__Exercise requirements__. What you give back from the listing below should be an exact copy of the lines from the one with "Nancy Guthrie, madre" down to the one with "全開放式的辦公空間設(shè", and it should contain no pictures.

__Given data__.
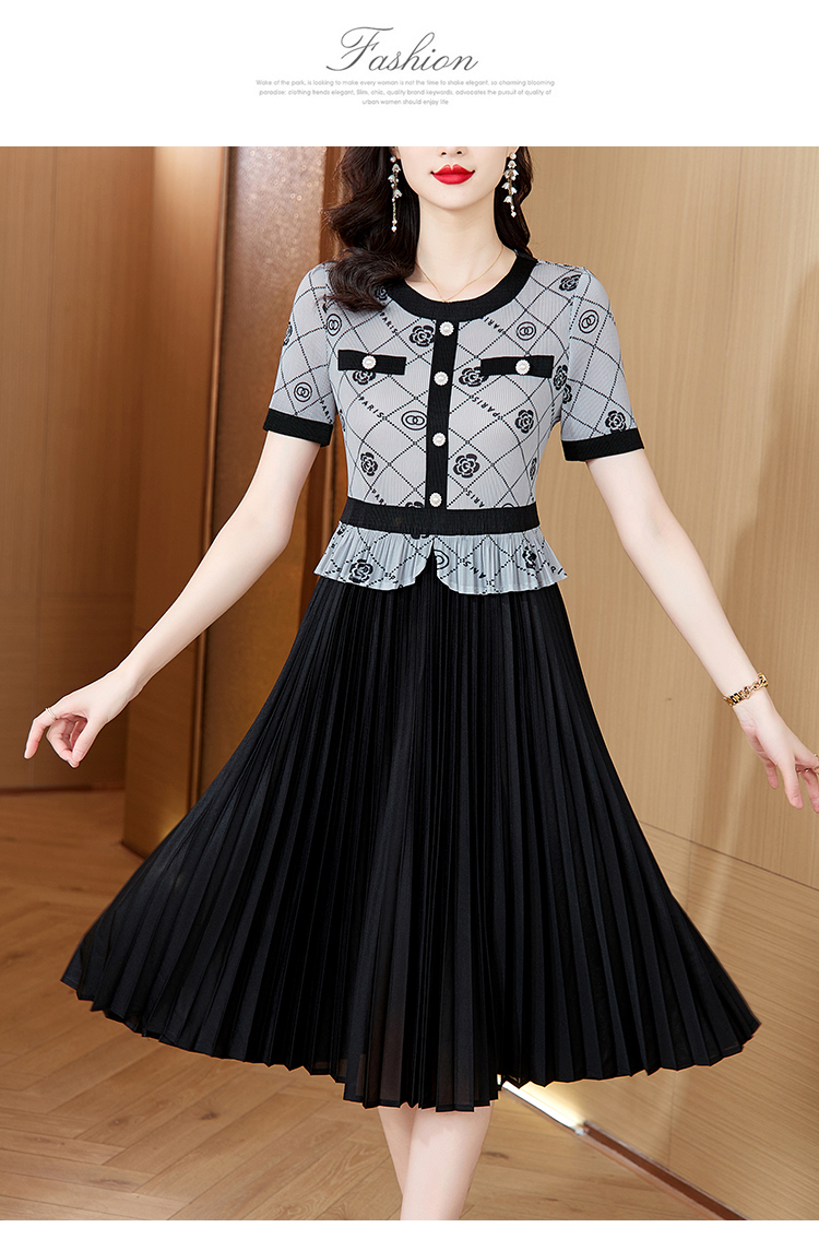 MY7078# 欧洲站夏季新款时尚褶皱圆领拼接修身显瘦连衣裙中长款百褶裙女裝貨源服裝批發
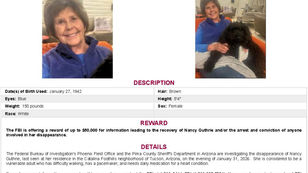 Nancy Guthrie, madre de la periodista Savannah Guthrie, lleva desaparecida desde el 31 de enero.
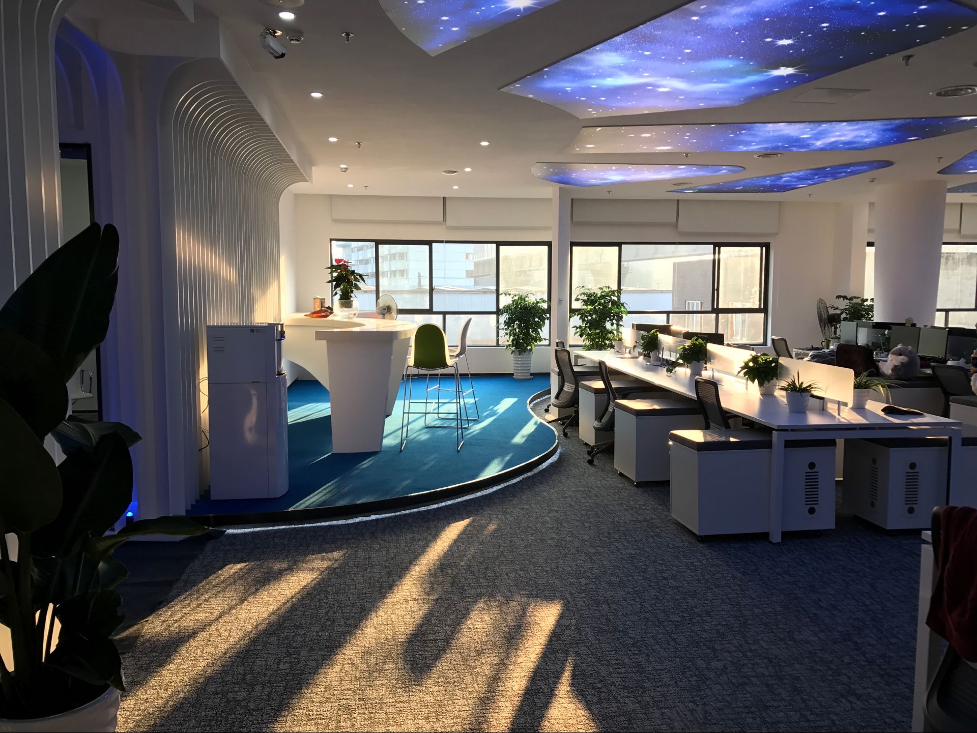 全開放式的辦公空間設(shè)計(jì)是互聯(lián)網(wǎng)式創(chuàng)意團(tuán)隊(duì)的小創(chuàng)意,這讓不同部門之間輕松對(duì)話、交流、協(xié)作,項(xiàng)目信息能實(shí)時(shí)互通,大大促進(jìn)了工作效率。隔板、綠植、茶幾式儲(chǔ)物柜...無處不在的細(xì)節(jié)設(shè)計(jì)和貼心裝飾,無一不增加了工作的情趣。
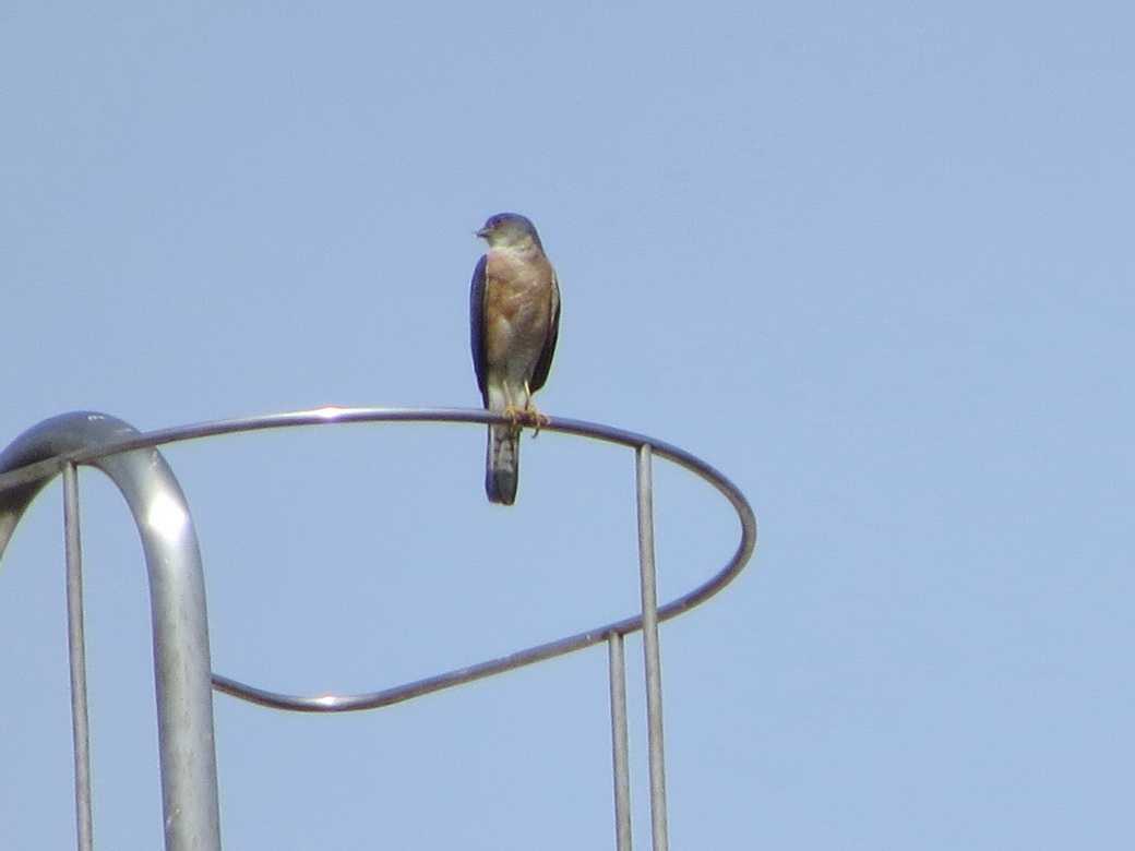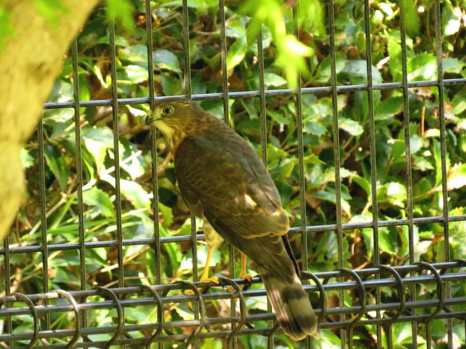 鳥友k-tsuminetさんの街の集合住宅の谷間にある公園の一角でツミが暮らしています。12日にすべての幼鳥が巣を離れる巣立ちとなりました。その後、営巣木を中心にして3羽の幼鳥が残っています。今日午後に短時間立ち寄りましたら、3羽のうち2羽は公園の小道の上でセミを捕獲したり虫を追尾していったらフェンスにたどりついたり予想しない動きを披露してくれました。また、1羽はヒマラヤスギの枝にとまり、じっと静止していました。表情を見ていると眠たくて仕方がないようで瞼をとじたり、瞬膜を閉じたりしていました。こんな表情ははじめて観察しました。(鳥類の瞼)上下の瞼のうち、哺乳類では主に動くのは片方のみでで、上まぶたが開閉します。しかし、多くの鳥類は人間とは逆で、下から上にまぶたを閉じます。(鳥類の瞬膜)瞬膜は、半透明の膜で、まぶたがある動物の場合、まぶたと眼球との間にあります。まぶたは顔の皮膚と同じで常に露出していますが、瞬膜は目の中から出てきて眼球を覆ったり開いたりします。また、瞼が垂直方向の運動をすることが多いのに、瞬膜は水平方向の運動をすることが多くあると聞いています。瞬膜が発達しているのは、鳥類や爬虫類、無尾両生類、魚類の一部(サメ類)です。(写真)2022年7月28日撮影

__Exercise result__.
 Nancy Guthrie, madre de la periodista Savannah Guthrie, lleva desaparecida desde el 31 de enero.
 全開放式的辦公空間設(shè)計(jì)是互聯(lián)網(wǎng)式創(chuàng)意團(tuán)隊(duì)的小創(chuàng)意,這讓不同部門之間輕松對(duì)話、交流、協(xié)作,項(xiàng)目信息能實(shí)時(shí)互通,大大促進(jìn)了工作效率。隔板、綠植、茶幾式儲(chǔ)物柜...無處不在的細(xì)節(jié)設(shè)計(jì)和貼心裝飾,無一不增加了工作的情趣。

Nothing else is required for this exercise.